He smiled. “I took her to a convent and arranged for her to be schooled there. She lives there still. Is that what you wanted to hear?”

“If it’s the truth.”

“I am many despicable things, Miss Sweeney, but I am not a liar.”

“Are you quite sure…Mr. Toussaint?”

He nodded as if to acknowledge her point. “I am not often a liar. I was weaned on lies and secrets and genteel fabrications, and as a result, I’ve developed an aversion to pretense—except on the stage. I’m actually quite fond of the theater. You know, I really do think you’d make a brilliant actress—if it weren’t for that dreadful propriety you wear like armor around your soul.”

She let him hand her up into the hack then, closing the door behind her once she’d gotten her skirts gathered in.
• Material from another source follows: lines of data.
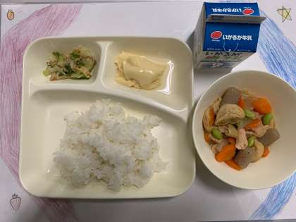 今日の献立は、『卵どうふ・鶏肉と一口がんもの煮もの・野菜のそぼろいため・米飯・牛乳』でした。
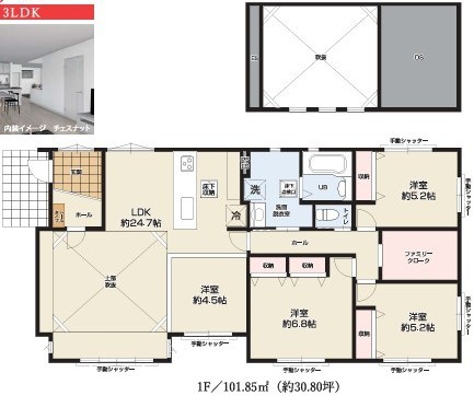 | 間取 | 3LDK + ファミリークローク、間仕切対応で5LDKに変更可 (LDK29.2帖、洋室6.8帖、洋室5.2帖、洋室5.2帖) | ||
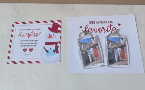 2 llaveros con foto y frase

“Miss Sweeney.” He reached in through the open side window to tug at her loosely draped green scarf, warmly chafing the back of her neck. “Do tuck this in. You’ll catch your death.”

CHAPTER NINE

A
 
KNOCK CAME AT NELL

S BEDROOM
door that night as she sat at her drawing table in the sitting room alcove, putting the finishing touches on her sketch of the hop joint above Deng Bao’s grocery store. She glanced at the clock on the mantel; not quite eleven. It was late for Mrs. Hewitt to be stopping by, and Nell had already reported to her on the day’s events—quite an intense conversation this afternoon, during which she’d revealed Will’s opium addiction, and the fact that he made his living through gambling.

She stacked her sketches—this evening’s and those she’d drawn last night after Viola’s visit—and covered them with a blank sheet of paper before she rose to answer the door, mindful of all she had to lose should the wrong person find out what she was up to.

“I’m so glad you’re still up,” said Viola, seated in her rather rickety old third-floor wheelchair, when Nell opened the door and ushered her into the room. She had on one of her many kimonos, the lime green one; on her lap was the bulging needlework bag she used for toting things around the house. “I’m not disturbing you, am I? Oh, were you about to turn in?” she asked when she noticed that Nell was in her dressing gown.

“Not at all. I was just finishing up a sketch, but I’m so tired I’ll just ruin it if I keep going.” Was it Nell’s imagination, or was Viola a little tipsy? Her speech, normally so crisp and refined, sounded suspiciously thick, and there was something about her too-bright eyes and ruddy nose—although that could easily be from all the crying she’d done of late. Nell had never known
her employer to have more than a glass of wine at dinner, two at the most.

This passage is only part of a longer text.